Frank argues that we buy possessions that don't make us happy, because the incentives are wrong. Our consumer culture sends us the message that to be successful we must look the part. This means conspicuous consumption like the Lexus, the sprawling estate, and the flashy wardrobe with all the accessories. Inconspicuous consumption like vacation, family time, and relaxation, which we know are more fulfilling, are not incentivized by our consumer economy.

Thus Frank proposes a economic model that sounds more like what my grandparents knew. I've always wondered why during WWII the war effort at home was always about sacrifice and doing without. Today we're told that if we want to help, we need to get out and spend. We chart consumer confidence as a mark of a healthy economy. It's spending not savings, stupid!

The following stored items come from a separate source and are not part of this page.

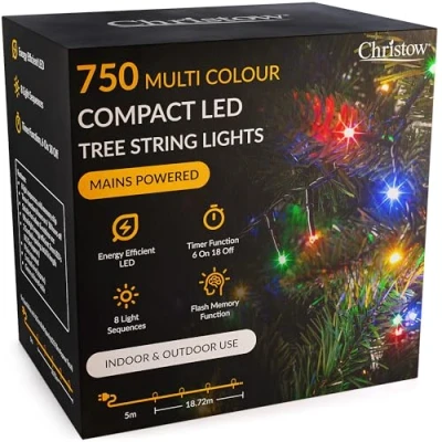 SPARKLY & BRIGHT 6FT CHRISTMAS TREE LIGHTS: Got a 6ft Christmas tree? Give it the wow factor with these Multi-Coloured LED Lights from Christow. With 750 LEDs across an 18.72m lit length, they’re the perfect size, bulb count, and brightness for a 6ft tree or slim 7ft pencil tree. ENERGY EFFICIENT MULTI-COLOURED LEDS: Each 3mm LED is smaller than a standard bulb for a more attractive, sparkly display. With 2.5cm spacing (closer than the usual 10cm), you get more bulbs per metre for extra brightness. Low power, energy efficient, and low cost to run. MULTI-ACTION (8 SETTINGS): Love a bit of festive sparkle? Press the button on the transformer plug to choose from 8 light sequences, ranging from twinkly effects to a normal static glow. Fitted with a memory chip to remember the last setting you selected when they come back on. TIMER FUNCTION (6HRS ON/18HRS OFF): No need to worry about turning the lights on and off. Simply activate the timer and they'll automatically light up at the same time every night. Plus, they'll automatically turn off after six hours. You can also manually turn them on and off. UK MAINS POWERED WITH 5M CABLE: Lights are mains powered with an IP20-rated plug for indoor sockets only. A 5m green cable gives you the flexibility to plug them indoors if displaying them outside, while the dark green colour blends discreetly with trees and foliage at night.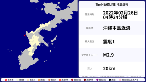 2月26日04時34分頃、沖縄県で最大震度1を観測する地震がありました。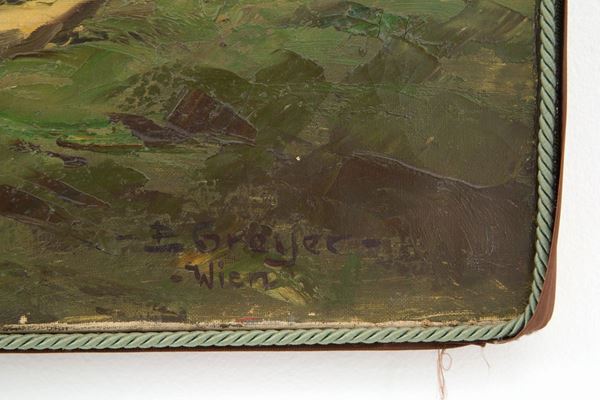 Dipinto olio su tela raff. "BAITA DI MONTAGNA". Firmato in basso a destra.
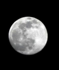 القمر يظهر فوق مدينة دير البلح وسط قطاع غزة خلال منتصف شهر رمضان المبارك
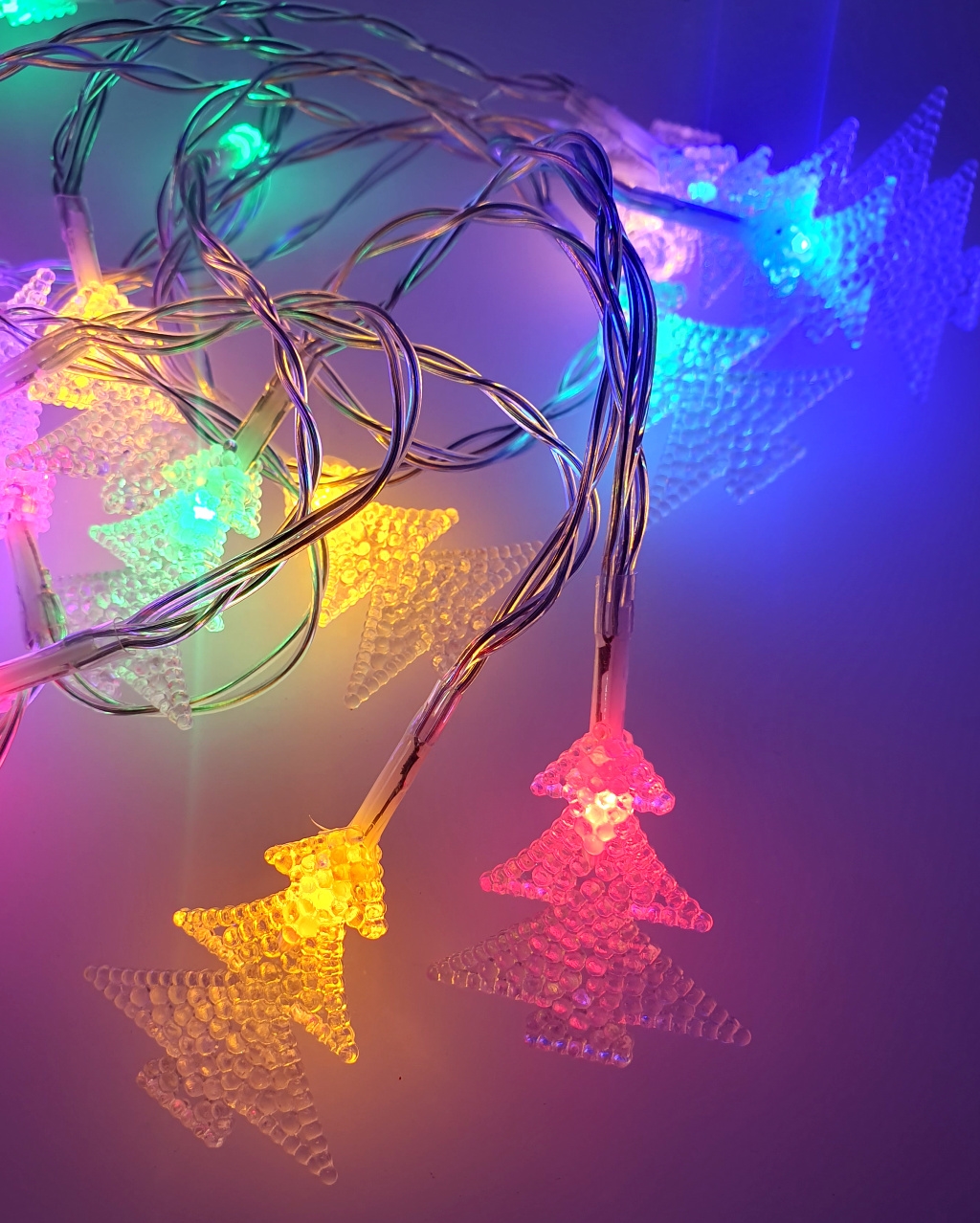 LED-Weihnachts-Lichterkette für den Außenbereich 20xLED/2xAA 2,2 m IP44 mehrfarbige Tannenmotive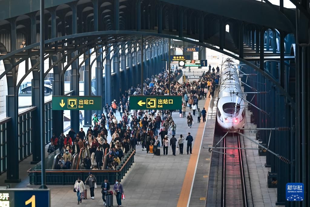 4月3日,旅客在黑龙江省哈尔滨站有序出行。新华社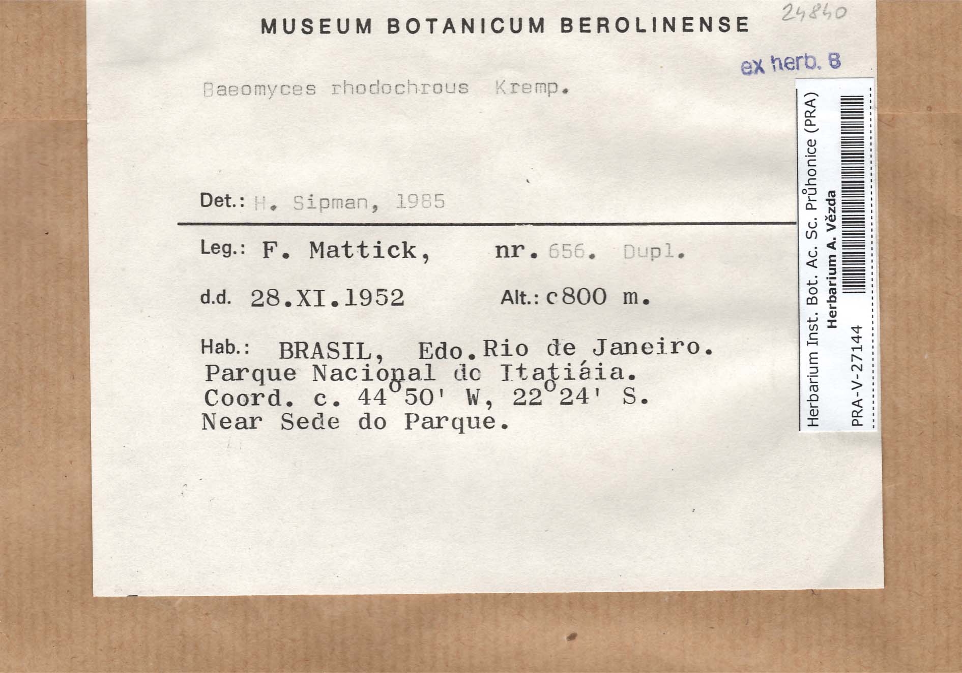 - Deposited in parcel no. 60 Argopsis,Baeomyces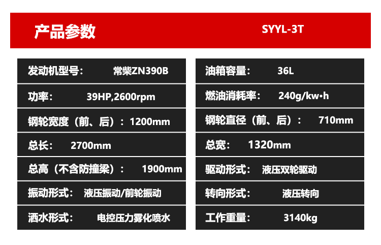 5、前轮液压振动,性能稳定,压实能力强。后置4个平胶轮,揉搓地面,压实密实度更高。

Frank says not so fast. If we know what's good for us we need to change the game. Why not incentivize savings. Do away with income tax and set up a progressive consumption tax. Say a family pulls in $1,000,000, and they save $300,000. This means that they spent $700,000 on consumables, and this is their taxable income. The tax is graduated so that low and middle income families aren't made any poorer, and also have an incentive to save. This sounds like a distributism of savings.

Despite the poor economy, we've seen another decade of little to no savings among the majority of Americans. When you think about it, we must be out of our minds.

Many reviewers complain that Frank's vision doesn't take cultural realities into account. Just because we know that intangibles are better for us doesn't mean that we can quite worshipping the invisible hand of Adam Smith. Smith told us that the sum of individuals seeking their own interest adds up to the common good for all. This is the invisible hand of the self-regulating market, but it has infected us with luxury fever. Didn't Jesus say, "Do not store up treasures on earth where moth and rust destroy and thieves break in and steal, but store up treasures in heaven where moth and rust do not destroy and thieves do not break in and steal. For where your treasure is there your heart will be also." More intangibles please!

A former student of mine described our consumer economy as a once flowing river that has all but dried up. In order to keep it flowing the government has gone into debt buying two parts hydrogen for every one part oxygen and flooding the basin of consumerism. This is an artificial stimulant that gets us spending again. But it leaves us with the hangover of buyer's regret, and a government that's going to take us down the drain with it.  I pray that this doesn't have to happen in order for us learn wisdom and change our incentives. "Righteousness exalts a nation, but sin is a reproach to any people" (Proverbs 14:34).